Researchers hope that by investigating the effectiveness of these different therapies across diverse populations, diabetes medicines can be better personalized for each individual with type 2 diabetes. Understanding how these therapies compare in reducing A1C, preventing microvascular and macrovascular complications, and improving quality of life can help people with diabetes and their healthcare professionals make more informed treatment decisions. In addition, this trial is about progressing to new therapies at the right time in addition to metformin. GRADE started recruiting in 2013 and finished data collection in 2021 – we are eager to see more results of the GRADE Study, particularly in the CGM sub-study.
New Diabetes Medications Show Dramatic Weight Loss and A1C Reductions
One of the stars of the show at this year’s ADA Scientific Sessions was a whole host of drugs, headlined by semaglutide (which you may know by its brand names Ozempic, Rybelsus, or its new name Wegovy which was just approved as a weight loss drug) that have led to truly dramatic weight loss and A1C reductions. Read more on semaglutide, and newer drugs tirzepatide, cotadutide, and efpeglenatide below.
Semaglutide STEP trials show impressive weight loss results
Exciting results were shared from the STEP trials testing the use of semaglutide in people with obesity or excess weight. The results from these trials led to FDA approval of Wegovy just a few weeks ago. Wegovy is a 2.4 mg dose of the once-weekly GLP-1 agonist semaglutide that was approved for weight loss in people with excess weight or obesity. The same medication is used for treating type 2 diabetes, known as Ozempic (weekly injection of 0.5 or 1.0 mg compared to the 2.4 mg dose in Wegovy) or Rybelsus (an oral pill).
Professor Melanie Davies from the University of Leicester explained that the higher dosage of semaglutide now approved for weight management helps to reduce appetite and cravings, as well as energy intake, increases feelings of fullness, and ultimately leads to more weight loss (than other GLP-1s drugs) and lowered risk of heart disease.
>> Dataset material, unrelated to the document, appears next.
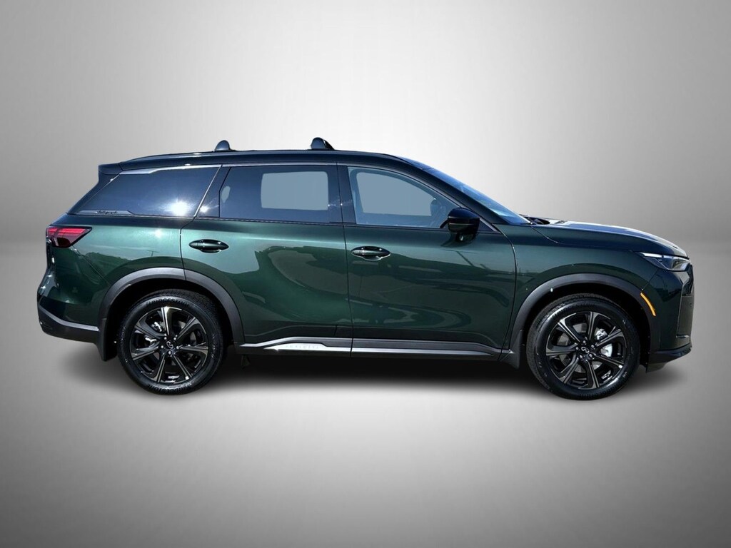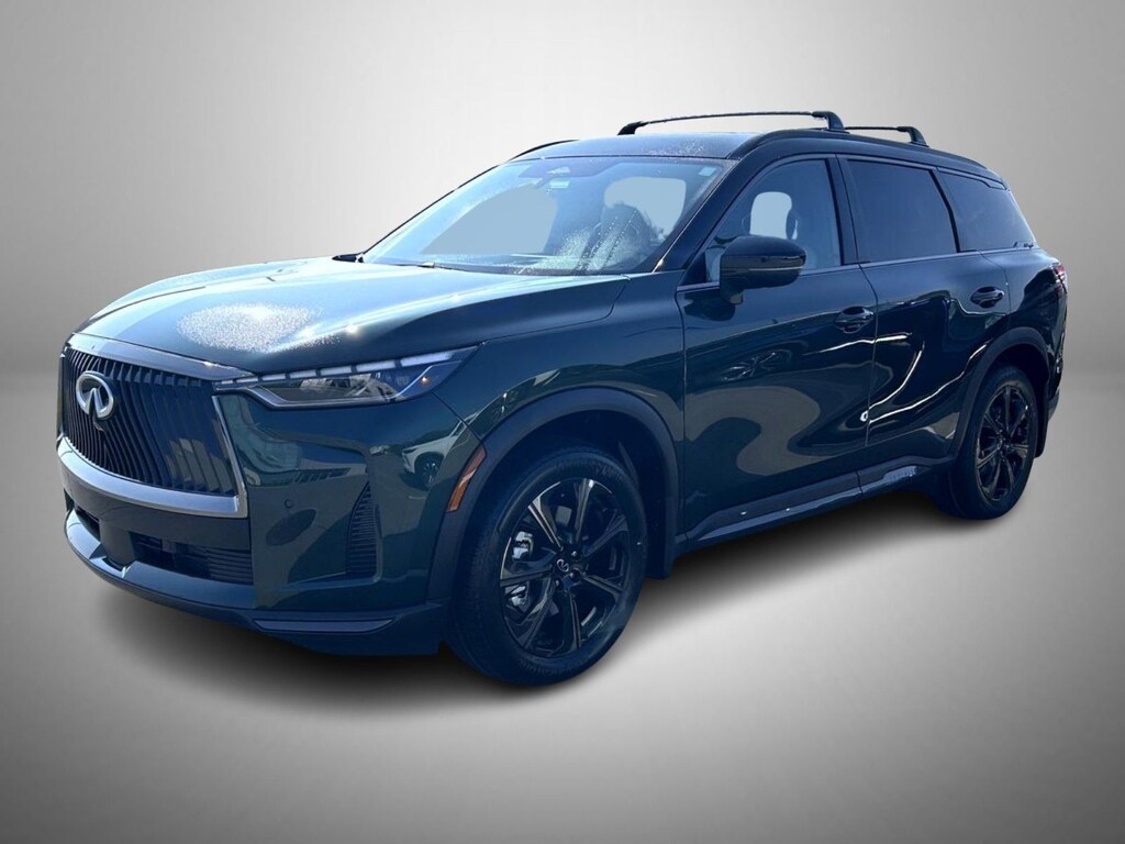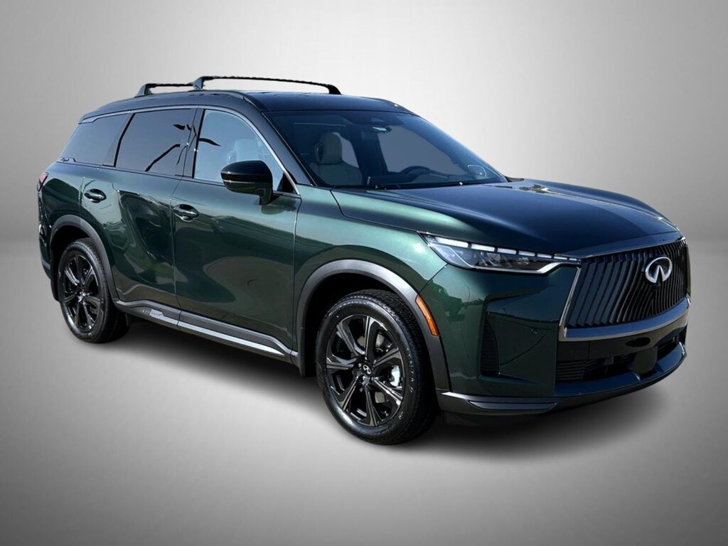 Deep Emerald/Black Obsidian 2026 INFINITI QX60 AWD 9-Speed Automatic Intercooled Turbo Premium Unleaded I-4 2.0 L/122 2-Tone Premium Paint, 20 Speakers, 3rd row seats: bench, 4-Wheel Disc Brakes, ABS brakes, Air Conditioning, Alloy wheels, AM/FM radio: SiriusXM with 360L, Anti-whiplash front head restraints, Apple CarPlay/Android Auto, Auto High-beam Headlights, Auto tilt-away steering wheel, Auto-dimming door mirrors, Auto-dimming Rear-View mirror, Automatic temperature control, Black Rear Bumper Film, Black Roof Rail Crossbars, Bose Performance Series 17-Speaker Sound System, Brake assist, Bumpers: body-color, Cargo Blocks, Cargo Mat, Cargo Net, Climate Controlled Massaging Front Bucket Seats, Dark Cargo Package, Delay-off headlights, Driver door bin, Driver vanity mirror, Dual front impact airbags, Dual front side impact airbags, Electronic Stability Control, Emergency communication system: INFINITI InTouch, Four wheel independent suspension, Front anti-roll bar, Front Bucket Seats, Front Center Armrest, Front dual zone A/C, Front reading lights, Fully automatic headlights, Garage door transmitter: HomeLink, Genuine wood door panel insert, Heads-Up Display, Heated door mirrors, Heated front seats, Heated rear seats, Heated steering wheel, Illuminated entry, Knee airbag, Leather Shift Knob, Leather steering wheel, Low tire pressure warning, Medic Kit, Memory seat, Navigation system: Google Built-in, Occupant sensing airbag, Outside temperature display, Overhead airbag, Overhead console, Panic alarm, Panoramic Illuminated Headliner, Passenger door bin, Passenger vanity mirror, Power door mirrors, Power driver seat, Power Liftgate, Power moonroof: Panoramic, Power passenger seat, Power steering, Power windows, Radio data system, Radio: Klipsch Reference Premiere Audio System, Rain sensing wipers, Rear air conditioning, Rear anti-roll bar, Rear reading lights, Rear side impact airbag, Rear window defroster, Rear window wiper, Reclining 3rd row seat, Remote keyless entry, Security system, Semi Aniline Leather-Appointed Seating Surfaces, Speed control, Speed-sensing steering, Speed-Sensitive Wipers, Splash Guards (B92), Split folding rear seat, Spoiler, Steering wheel memory, Steering wheel mounted audio controls, Tachometer, Telescoping steering wheel, Tilt steering wheel, Traction control, Trip computer, Turn signal indicator mirrors, Variably intermittent wipers, Ventilated front seats, Wheels: 20" x 8J Luxury Machined Aluminum Alloy.

Dr. Robert Kushner from Northwestern University discussed results from the four main STEP trials. There were 4,700 participants across all four trials. Over 68 weeks, researchers evaluated the percentage of weight lost among the participants. Throughout the trials, the main side effect was nausea (which was expected) and the medication was determined to be safe.
Trial |
Baseline Characteristics |
Results |
STEP 1 |
This trial was the basic trial in people with obesity or excess weight Average BMI of 37.9. Given semaglutide 2.4 mg dose |
Participants receiving semaglutide showed an average weight reduction of 14.9% (compared to 2.4% in the placebo group). Of those on semaglutide, 86.4% experienced at least a 5% weight reduction, compared to 31.5% who achieved this target in the placebo group. |
STEP 2 |
This trial was in people with type 2 diabetes. Average BMI of 35.7 and average A1C of 8.1%. Two doses of semaglutide (1.0 mg and 2.4 mg) were tested. |
In the group receiving semaglutide (2.4 mg), participants had an average weight reduction of 9.6%, compared to 7.0% in the semaglutide (1.0 mg) group, and 3.4% in the placebo group. Those receiving semaglutide (2.4 mg) reduced their A1C by 1.6 percentage points, compared to 1.5 percentage points in the semaglutide (1.0 mg) group, and 0.4 percentage points in the placebo group. Weight loss and A1C were associated: the more weight lost, the more A1C decreased. |
STEP 3 |
This trial included eight weeks of a low-calorie diet followed by intensive behavioral therapy in people with obesity or excess weight. Average BMI of 38.0. Given semaglutide 2.4 mg dose |
In the group receiving semaglutide, participants had an average weight reduction of 16.0% (compared to 5.7% in the placebo group). Though the lifestyle counseling helped participants lose weight slightly faster, by week 68 overall weight loss was similar to results seen in the STEP 1 trial. |
STEP 4 |
Participants with obesity or excess weigh took semaglutide for the first 20 weeks, and were then randomly assigned to continue the treatment or switch to a placebo. Average BMI of 38.3. Given semaglutide 2.4 mg dose |
At week 20 the average weight reduction was 10.6% for everyone. The group that continued on semaglutide ended up with a total weight reduction of 17.7% by week 68, while the group that was switched to the placebo gained weight and ended up with a final weight reduction of 5.4%. |
Professor John Wilding from the University of Liverpool spoke about the health outcomes of these trials, specifically for people with prediabetes. He stressed that semaglutide (at a lower dose of 1.0 mg and known as Ozempic for treating diabetes) helps people reduce their total body fat percentage which can lead to improvements in blood pressure, cholesterol and triglycerides, inflammation, A1C level, and waist circumference. In STEP 2, semaglutide helped 29% of participants with diabetes reduce the number of oral glucose-lowering medications they were taking following the trial. In STEP 1, of the individuals given semaglutide, the number of people with prediabetes decreased (from 45% to 16%) and the number of people with “normal” glucose levels increased (55% to 84%). These results suggest that semaglutide may be helpful for preventing diabetes.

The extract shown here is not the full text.